With barely eight months to go into the 2020 presidential and parliamentary elections, many political pundits, as well as some stalwarts within the opposition National Democratic Congress (NDC), have raised concerns about the inability of the party’s flagbearer, former President John Dramani Mahama, to name his running mate.
After over a year of his election as the presidential candidate of the opposition party, Mr Mahama still appears dithering on the issue of picking and naming his running mate. Delegates of the NDC, on February 23 2019, elected former President John Mahama in a landslide victory to lead them into the December 2020 polls.
To the dismay of many, the General Secretary of the opposition party, Johnson Asiedu Nketia, has attributed the delays in choosing a running mate to partner the former president into the December elections to the outbreak of the novel coronavirus pandemic.
Mr Asiedu Nketia’s excuse comes at the back of countless Facebook live videos the former president has done, attacking the Akufo-Addo government, mostly with unsubstantiated allegations and pure untruths.
Country at war
According to the General Secretary of the NDC, the country is currently at war with the novel coronavirus, which has globally overwhelmed health facilities and brought economies on their knees, hence the party’s inability to select a running mate.
“If the economy is in bad shape, it affects every sector. We have an emergency situation so we must pay attention to it.”
The NDC scribe said, “if we are all sick or running away by December because of coronavirus, how can you go for elections?”
“If the President lifts the ban on public gathering and normalcy is restored, we shall do normal things,” he stated in a discussion in an interview.
“If the time comes we shall name the running mate but, for now, the President said we should fight the coronavirus so that is our focus,” he added.
Bawumia factor
Mr Asiedu Nketia’s excuse may certainly not to go down well with some Ghanaians, considering the fact that the whole Covid-19 issue came up after almost 10 months after the election of Mr Mahama as the party’s flagbearer.
Some stalwarts of the NDC such as the former Central Region Chairman, Bernard Allotey Jacobs, have said that Mr Mahama has been unable to select a running mate because Vice-President Mahamudu Bawumia has raised the bar for the opposition party.
“The greatest problem my party is facing is that, up till now, we have not nominated our running mate…so Vice-President Mahamudu Bawumia is raising the bar; he is really raising the bar and it will go to the extent that we would have to get someone with his pedigree to interface with him,” Mr Allotey Jacobs stated a couple of months ago.
“You see, he has in a way roughly driven into our political space. Right now, from 2017 till now, he is occupying almost two-thirds of our political space because we popularise him by criticising him every day. The more you mention him, the more he resonates with the people and that’s the mistake,” Mr Allotey Jacobs said of Vice-President Bawumia.
Three names pop up
Meanwhile, the Daily Statesman’s insider sources in the NDC have revealed that “three final names have been penciled for consideration, and one of them likely to be nominated for the slot” by May.

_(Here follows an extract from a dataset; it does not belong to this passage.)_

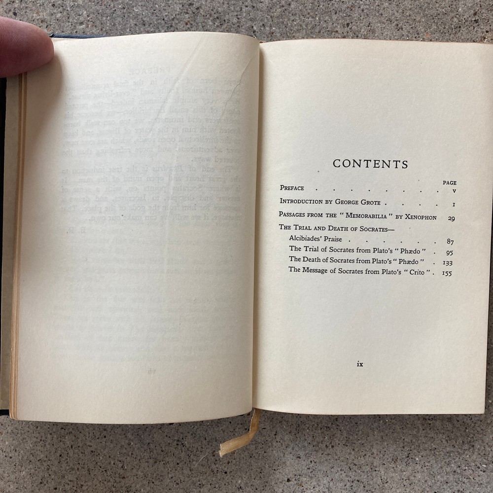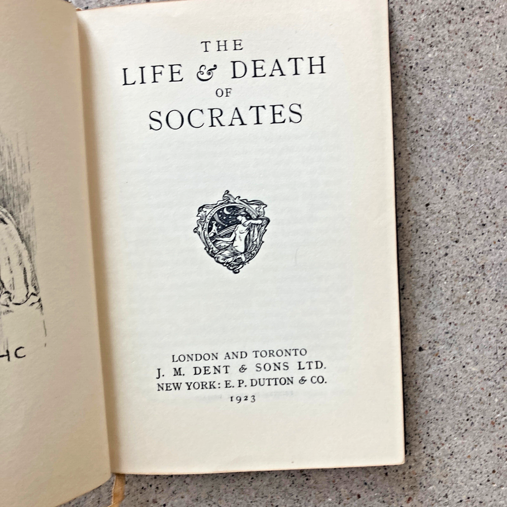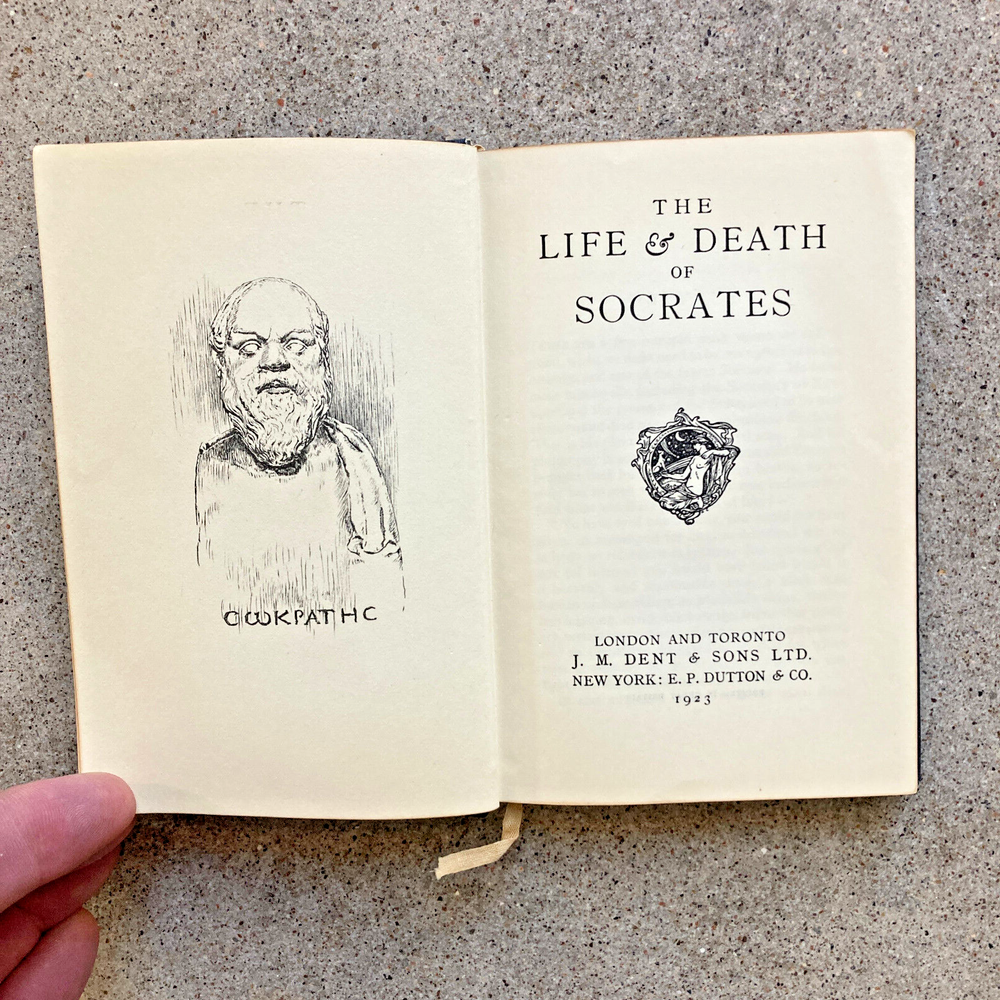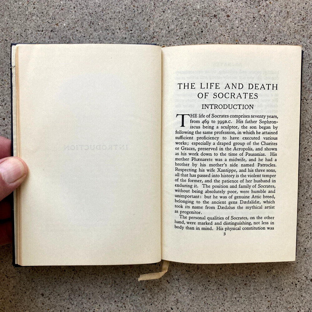 The Life and Death of Socrates, 1923. In bonded navy leather. 178 pp., 6.25 x 4.25", Published by J.M. Dent; E.P. Dutton. from the Bedside Series. Good/Very Good Condition. Please see all photos to ascertain exact condition. Please note cracked upper corner on front fixed endpaper. (Does not affect exterior leather).

The three names, we understand, have been arrived at with permutations to the 2024 general elections, rather than the upcoming December elections.
The three are the accomplished daughter of the party’s Founder and Member of Parliament for Klottey Korle, Dr Zenator Agyeman-Rawlings; former Minister of Finance in the late Mills’ administration and former Governor of the Bank of Ghana (BoG), Dr Kwabena Duffuor; and former Deputy Minister of Finance and Member of Parliament for Ajumako Enyan Essiam, Cassiel Ato Forson.
According to our sources, the three are being considered because Mr Mahama is said to be considering a personality who could, somewhat, match the pedigree of Vice-President Mahamudu Bawumia, as demanded by his party elders, “but with no potential to upstage him as far as Agenda 2024 is concerned.”